At present, when sedation is selected instead of general anesthesia, there is not sufficient clinical evidence to support the use of one sedative, hypnotic, or analgesic over any other. Observational reports in which sedation was provided with a variety of agents show all can result in substantive decreases in blood pressure and, in approximately half of the patients, vasopressors will be needed to maintain blood pressure; see Supplemental Digital Content 3, Hypothesis 3, http://links.lww.com/AA/C719. Thus, just like with general anesthesia, a proactive and intensive approach toward maintaining blood pressure at values present immediately before endovascular thrombectomy (SBP <180 mm Hg if tissue plasminogen activator has been given39) is a cardinal goal of sedation. Maintaining blood pressure goals may be somewhat easier with sedation than with general anesthesia.5,10,21,31,32,34 At present, there is not sufficient clinical evidence to suggest 1 agent/method is superior to another in reducing sedation-to-general anesthesia conversions; see Supplemental Digital Content 3, Hypothesis 4, http://links.lww.com/AA/C719. To preserve the best possible neurologic examination during and after endovascular thrombectomy, the clinical author of this review attempts to avoid agents with a prolonged duration of action and/or agents that cannot be reversed. In some endovascular thrombectomy patients, it may not be necessary to administer any sedative or analgesic at all.
At present, when general anesthesia is selected instead of sedation, there is not sufficient clinical evidence to support the use of any induction or maintenance agent over any other.31,32,34 Regardless of agents used to induce and maintain general anesthesia, a proactive and intensive approach toward maintaining blood pressure at values present immediately before endovascular thrombectomy (SBP <180 mm Hg if tissue plasminogen activator has been given39) is a cardinal goal of general anesthesia.

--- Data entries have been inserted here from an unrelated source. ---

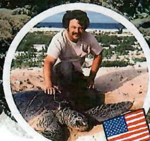
ジョージ・バラース 博士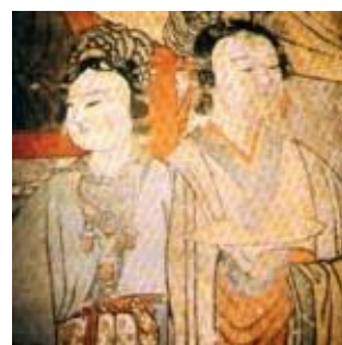
圖五 穿半臂襦裙的侍女 (國際傳統服飾與文化研究中心)

在《簪中錄·第一簪》第五章中，準王妃王若在接待假扮成宦官的女主角時，穿著「今日王若的打扮與前日不一樣，一身藕荷色 短襦半臂 ，這麼活潑的衣服樣式上，用了紅色牡丹花紋，便顯出一種歡快流暢的華美來。」由此可知，短襦半臂在唐代是年輕女子喜愛穿著的服飾之一，更能展現出年輕女子的清純自然。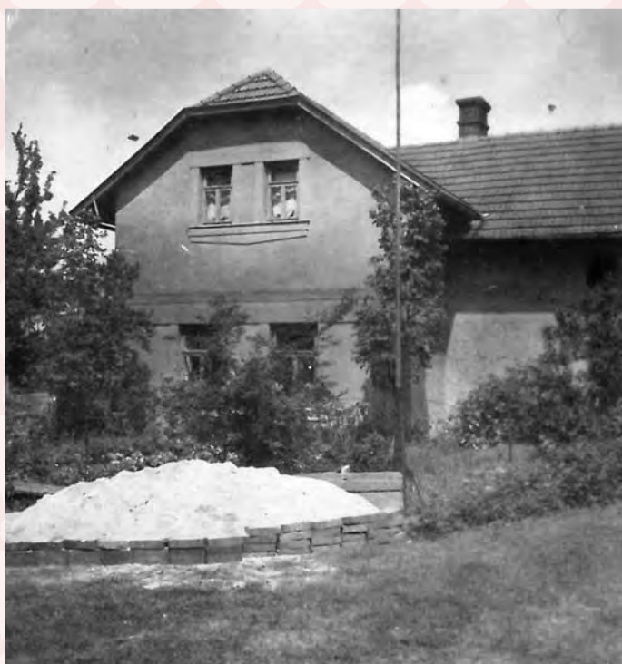
č.p. 264 v r. 1954, přestavba v r. 1960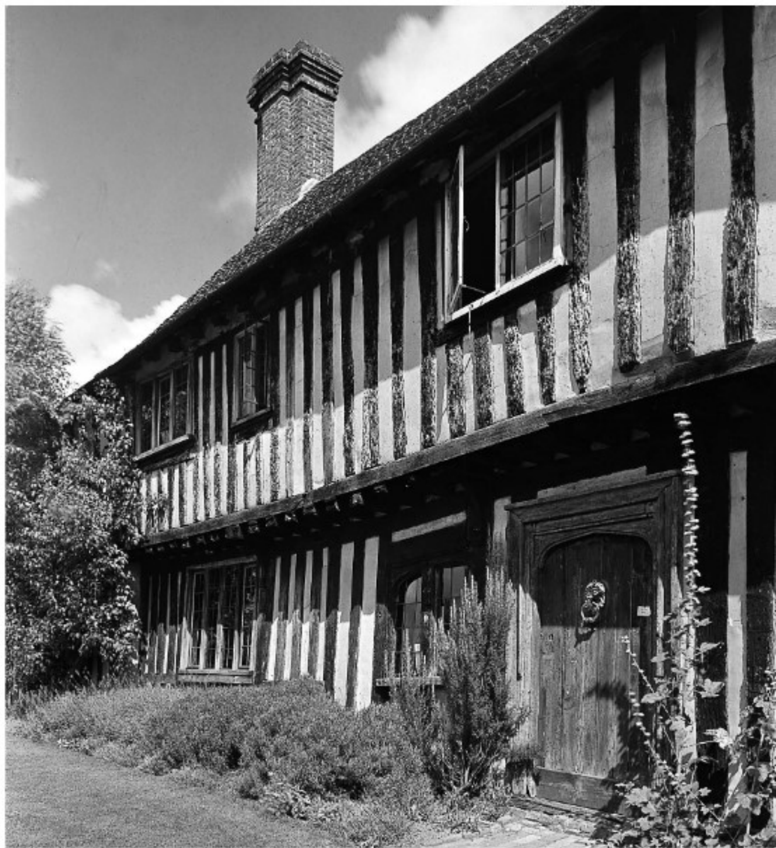
Pușini vechi au văluri, multor în gaze, cum arătau casele în alte părți ale lumii: Smallhythe Place, Tenterden, Kent, începutul secolului al XVI-lea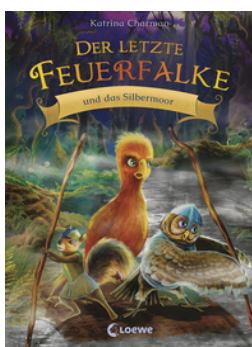
Der letzte Feuerfalke und das Silbermoor (Band 8)

The 2014 Society for Neuroscience in Anesthesia and Critical Care Consensus guidelines state an intraarterial cannula is useful if it can be placed without delaying the procedure.25 However, the clinical author of this review does not routinely attempt to start an arterial line before starting endovascular thrombectomy, even when general anesthesia is selected. Instead, to facilitate workflow, the clinical author very frequently cycles the noninvasive blood pressure cuff until femoral arterial access is obtained by the interventionist (usually <5 minutes after induction) and femoral arterial pressure is continuously monitored thereafter. If a radial arterial line is desired after endovascular thrombectomy, it is placed before leaving the interventional suite. With general anesthesia, it is virtually certain the patient will require large dose vasopressors to maintain blood pressure.31,32,34 At the present, there is not sufficient clinical evidence to support the use of a specific vasopressor during endovascular thrombectomy. In principle, a vasopressor that most favorably affects collateral flow to the ischemic penumbra would be preferred. However, at present, there is no clinical evidence that such a difference exists among vasopressors. Therefore, treatment of hypotension is most logically based on what is known of the patient’s pre–endovascular thrombectomy medical condition (eg, vasopressin for patients taking agents that inhibit angiotensin; inotropes for patients with poor contractile function, etc).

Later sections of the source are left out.